• Supplied data
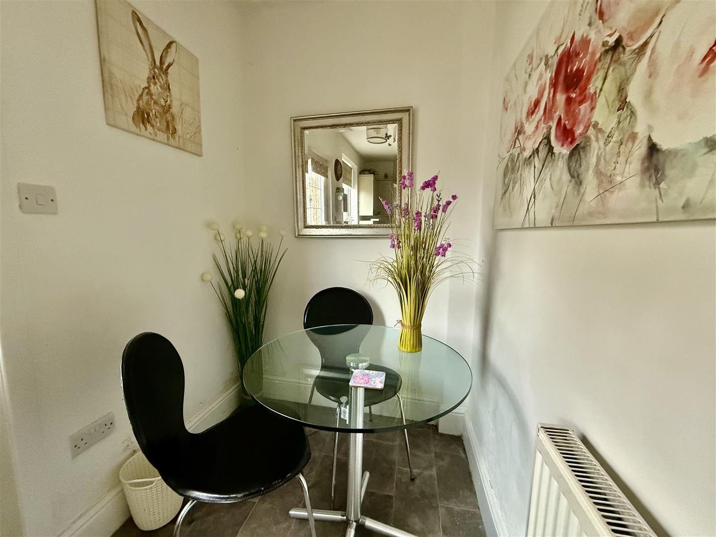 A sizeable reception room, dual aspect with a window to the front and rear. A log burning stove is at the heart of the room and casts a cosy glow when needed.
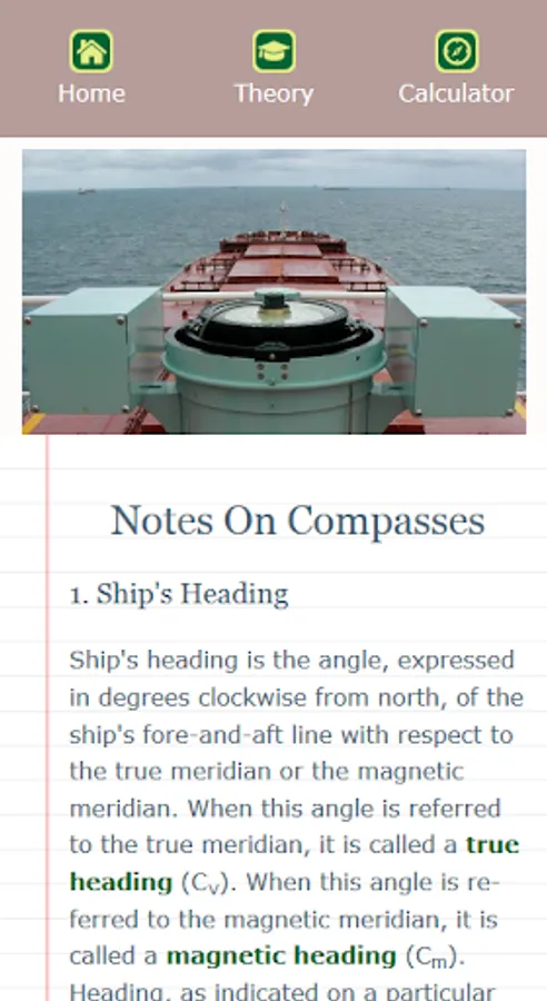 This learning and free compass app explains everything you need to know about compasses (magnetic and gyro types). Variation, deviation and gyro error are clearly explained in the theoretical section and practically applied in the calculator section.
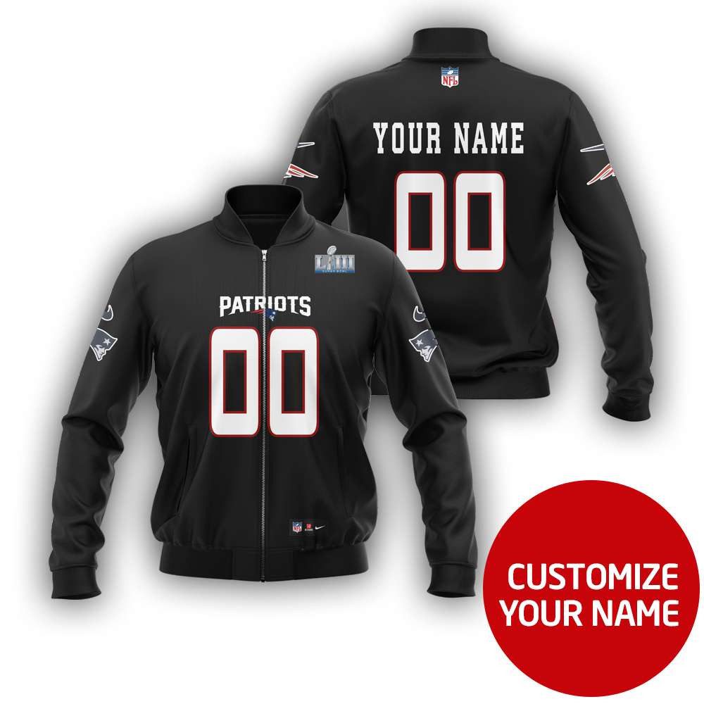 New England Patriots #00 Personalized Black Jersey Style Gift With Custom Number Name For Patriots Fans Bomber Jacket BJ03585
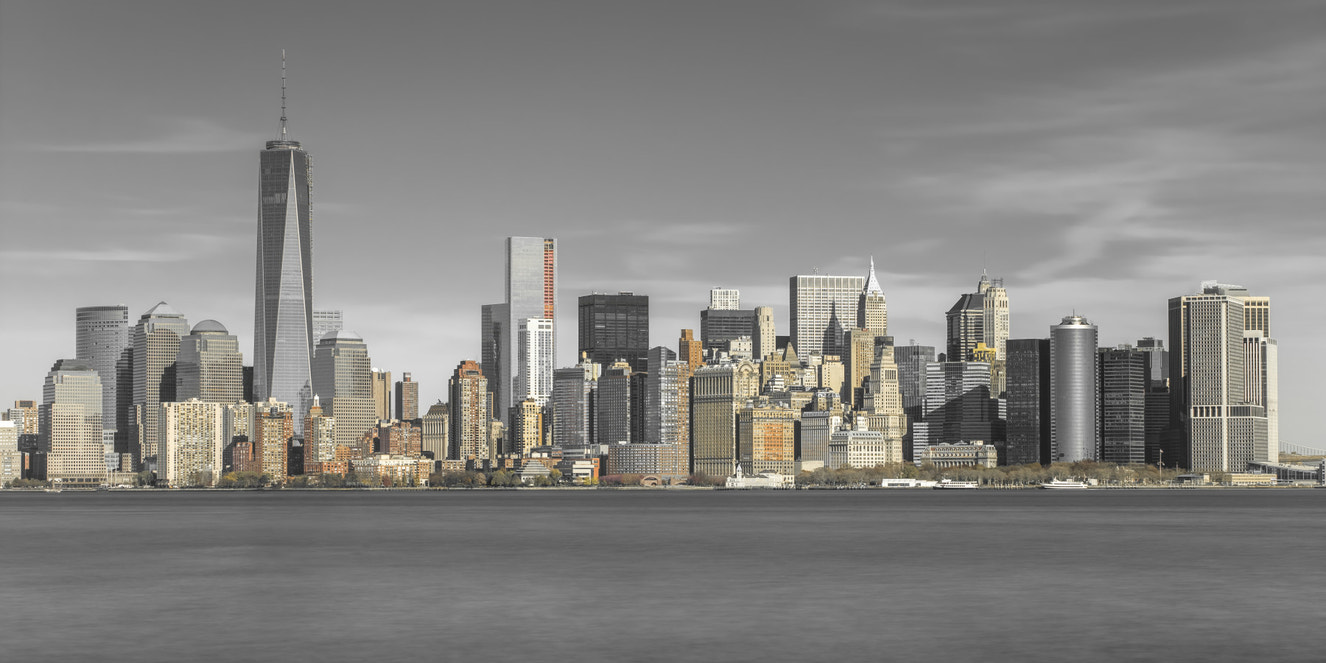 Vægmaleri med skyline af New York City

• Required action
What should appear is an exact reproduction of the lines from the one with "This learning and" through the end of the material above, and no pictures.

• Output for this exercise
 This learning and free compass app explains everything you need to know about compasses (magnetic and gyro types). Variation, deviation and gyro error are clearly explained in the theoretical section and practically applied in the calculator section.
 New England Patriots #00 Personalized Black Jersey Style Gift With Custom Number Name For Patriots Fans Bomber Jacket BJ03585
 Vægmaleri med skyline af New York City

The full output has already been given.